This directory holds the core logic that Chrome uses to launch external intents
on Android. External Navigation is surprisingly subtle, with implications on
privacy, security, and platform integration. This document goes through the
following aspects:
- Motivation
- Examples of supported and unsupported navigations
- What happens when a navigation is blocked
- Code Structure
- Additional Details
- Embedding of the component
- Differences between Chrome and WebLayer intent launching
- Opportunities for code health improvements in the component
Throughout this document we will be using Chrome's exercising of this component
for illustration.
# Motivation
The goal of External Navigation in Chrome is to seamlessly and securely
integrate the web with the Android app ecosystem.
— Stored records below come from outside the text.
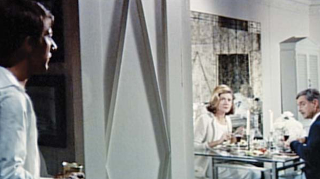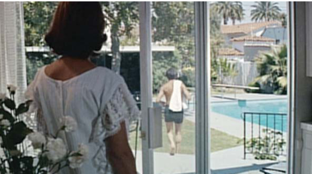 Benjamin has walked out of the last shot at home and I wanted him to walk into this one. We didn’t pan to him here. This moment is about his mother’s despair; it looks like exasperation, but it’s despair nevertheless, just like everyone else’s. His mother’s hair, the way he doesn’t look at her, everything, it’s all like Mrs. Robinson. He’s totally alienated from everybody, just short of disturbed. And the design is the same grid. The camera stays stationary as he gets smaller, going on his senseless journey and diving into the pool.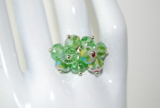 Ladies Designer Silver with Green Crystal Bangle Ring. Adjustable.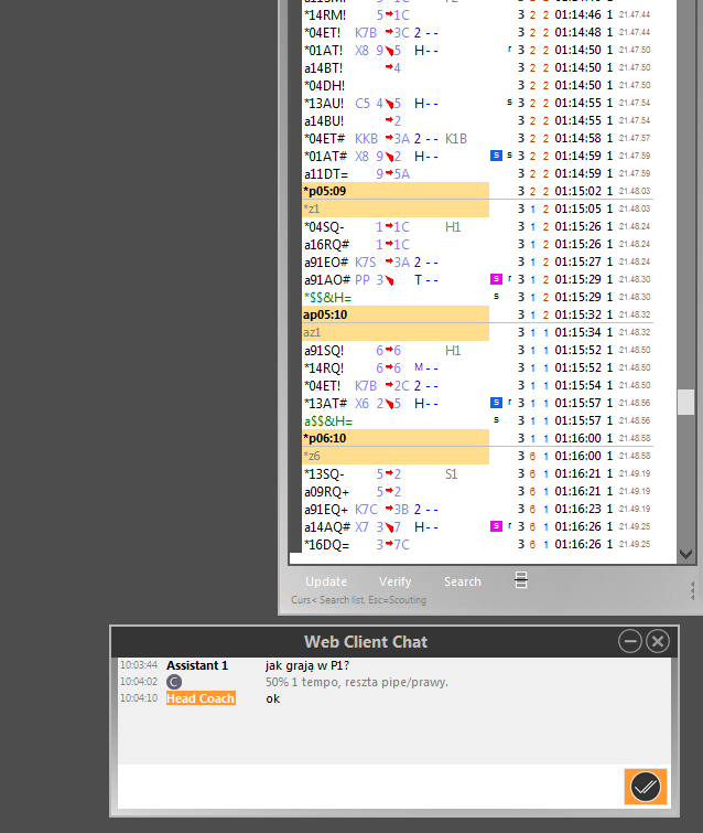 Jednym z podstawowych narzędzi do komunikacji między statystykiem siedzącym za końcową linią boiska, a ławką trenerską jest czat. Jest to narzędzie wbudowane w programy do pisania statystyk. Dzięki niemu, dość szybko można przekazać niezbędne informacje i odpowiedzieć na pytania. Plusy tego narzędzia, to głównie utrzymanie historii rozmowy. Nawet, gdy ktoś jest zajęty w momencie przekazania komunikatu, to po chwili może odczytać i ewentualnie na niego odpowiedzieć. Nie musi w ten sposób odrywać się od aktualnego zadania, na przykład obserwacji akcji, rozmowy z graczem lub kodowania. Jest to świetne rozwiązanie dla szybko piszących statystyków, ale tylko tych z podzielnością uwagi. Tak jak w poniższym przykładzie, statystycy przed odpowiedzią na pytanie muszą wygenerować analizy, na bazie których wydadzą swoją opinię. Niestety czat nie pozwala na przesyłanie plików takich jak grafiki lub gotowe analizy, które jednym kliknięciem odbiorca mógłby zobaczyć ze wszystkimi detalami.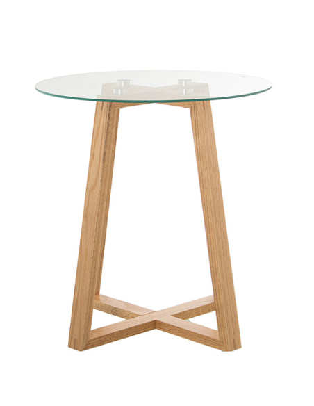 Mesa auxiliar cristal patas madera natural. esta mesa auxiliar de cristal templado y patas de madera natural es elegante y sofisticada. Con un diámetro de 48x51cm y hecha de roble, es una pieza imprescindible en cualquier hogar.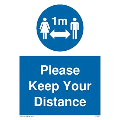 M918 : Keep 1m distance This sign is made from vinyl high tack A stickier sticker. Uses a stronger adhesive to make it more suitable for plastic surfaces like Wheelie Bins or where the sticker might get rubbed. A5 portrait Sign Text: Social Distance 1m symbol with Please keep your distance

If the user has installed an
app for a website, then clicking a link to that website should cause the app to
open.
# Supported Flows
There are many ways web and app developers use intents, here are a few examples:
- Clicking a link to [https://www.youtube.com](https://www.youtube.com/) opens
the Youtube app.
- Clicking a link to
[intent://www.youtube.com#Intent;scheme=https;action=android.intent.action.VIEW;S.browser\_fallback\_url=https%3A%2F%2Fwww.example.com/;end](http://www.youtube.com/#Intent;scheme=https;action=android.intent.action.VIEW;S.browser_fallback_url=https%3A%2F%2Fwww.example.com/;end)
opens the Youtube app if installed, and example.com if not.
- An app opens a URL redirector in Chrome, which does a server redirect to an
app link without any user interaction.
- Clicking a link triggers an async XHR to perform sign-in, then client
redirects to an app after receiving the response.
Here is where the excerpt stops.